This year Laurence and I will have been married for five years. I absolutely love him more than ever. My admiration and respect for him have grown with time. The first blush of romance has faded and is growing into something far more meaningful, something I wouldn’t trade for the excitement of new love. But.

I have learned again and again that that does not mean we can save each other. Any demons I entered this marriage with are going to stick around until I find a path to freedom. He cannot fix me and to expect that of another person is not only unfair and unrealistic but cruel.

I want to model a healthy relationship for my children. That’s one of the best gifts a parent can give.

Things I want my children to learn that I've learned

Ten years ago, I didn’t know what I wanted to do with my life. Today, um, I’m still figuring it out.
At 18 I was on a gap year, having enrolled to study English Literature because I was good at it and, frankly, I didn’t really know what I wanted to do, career-wise.

After my first degree, I did a Masters because I figured I wanted to research and teach. I fell out of love while writing my dissertation, partly because I’d chosen the wrong area of study, really, and partly because I was depressed at the time.

Then I embarked on a really short career in magazine journalism.

Then I got pregnant and realised I wanted to stay home with my baby, like long-term too because home educating was something I’d always thought about.

And now? Well, yeah, that’s the path I’m on but I still don’t know what I plan to do. I’ve been copywriting and doing social media stuff around Talitha for the last couple of years. It’s pretty decent but is it what I want to be doing with my one wild and wonderful life? I don’t know.

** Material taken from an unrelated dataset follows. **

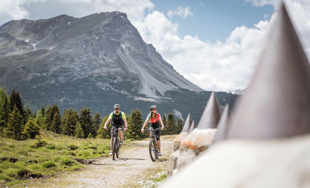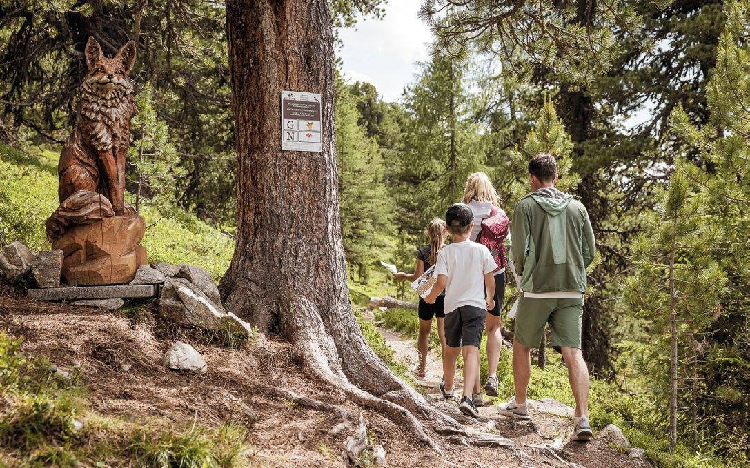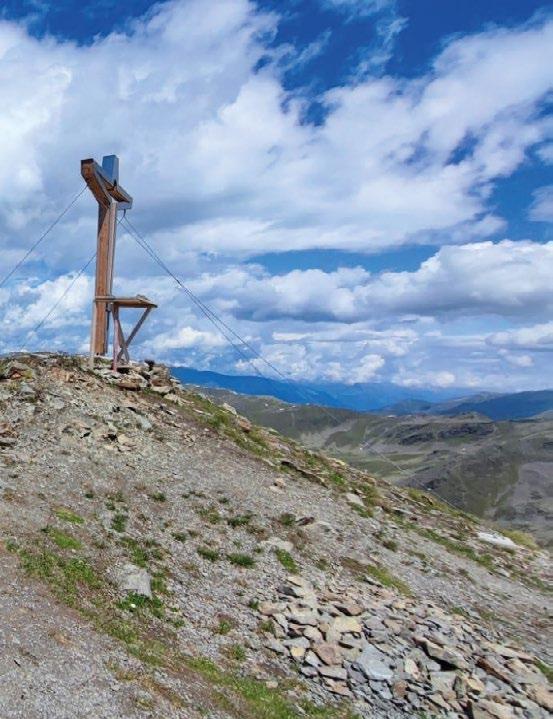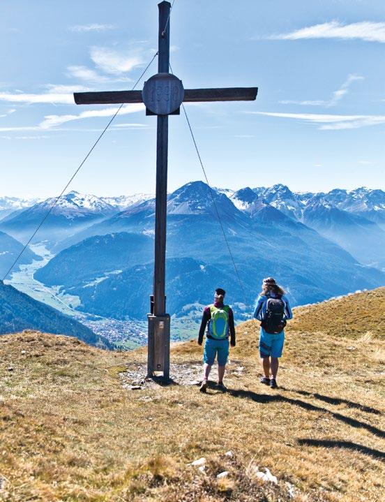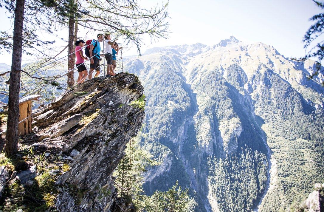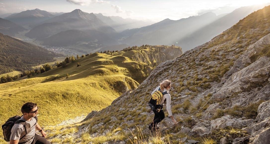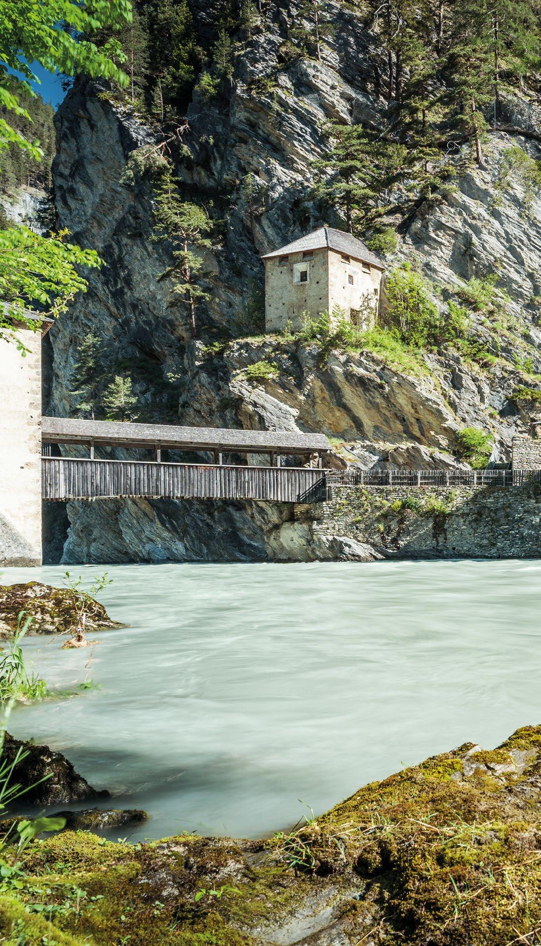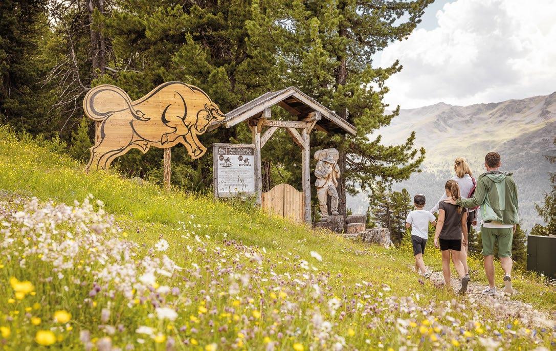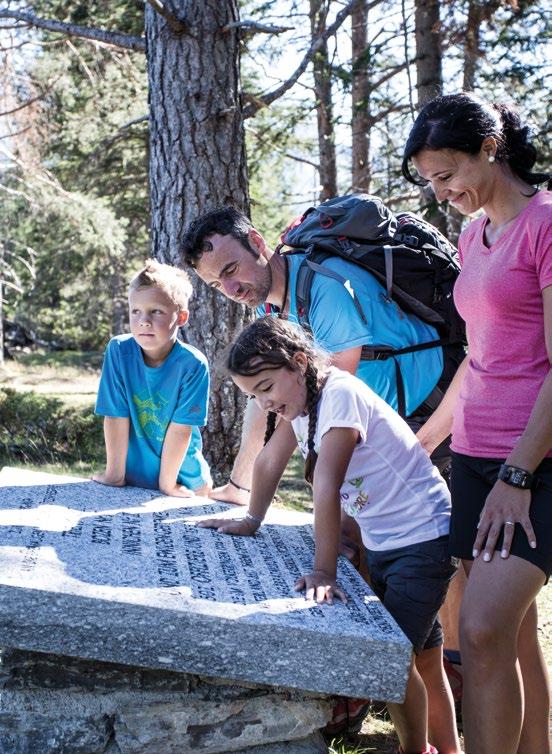 Verfallene Stellungen und begehbare Felskaver- nen hoch über Nauders sind stille Zeitzeugen der Geschehnisse im Ersten Weltkrieg, der vor gut 100 Jahren zu Ende gegangen ist. Die Kaiserschützen des Landes waren damals zur Grenzverteidigung eingesetzt und sind namensgebend für den heutigen Themenweg. Erbaut zum Schutz vonTirol alsTeil der österreichisch-ungarischen Monarchie, wurden einst Lauf- und Schützengräben eingerichtet, Wald zur freien Sicht gerodet, Drahtverhaue aufgestellt und Kavernen (begehbare Hohlräume) als Soldaten- Unterkünfte tief in den Fels geschlagen.
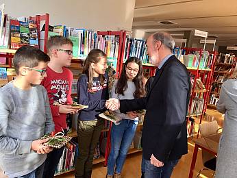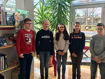 Am 28.11.2019 war es wieder soweit, die Sieger der Klassenentscheide aller 6. Klassen kamen in der Stadtteilbibliothek Wiblingen zum Schulentscheid zusammen. Die Kandidaten der fünf verschiedenen Klassen waren bestens gerüstet: Für die Klasse 6a stieg Leon Brinster in den Ring. Die Klasse 6b schickte Alena Domic ins Rennen. Marie Schadenberger startete für die Klasse 6c. Nora Filbinger wurde von der Klasse 6d nominiert und Cian Scherenberger durfte als Klassensieger der 6e antreten.

What I want my kids to learn is that there are different paths to things. You don’t have to figure it all out in one go or even early in life. It can unfold over time. Your purpose and dreams can also change over time. Life does not have to be spent doing just one thing.

What I've learned I want to teach my children

Ten years ago, I thought I knew everything. Today, I’m cool with some doubt.
I was so black and white about things when I was younger. I’m naturally very driven by rules and certainties. It makes me feel safe.

The last decade has seen me move country, meet a much wider pool of people with so many different histories and perspectives and have experiences that have made me question everything.

I want my children to grow up knowing that doubts do not invalidate your faith, that doubt can make you softer, more compassionate and more understanding.

What do you most want your children to know?

Circus Queen is a finalist in The MAD Blog Awards. Please vote for me to win “Best Pregnancy Blog”.

Who comes first, my spouse or my child?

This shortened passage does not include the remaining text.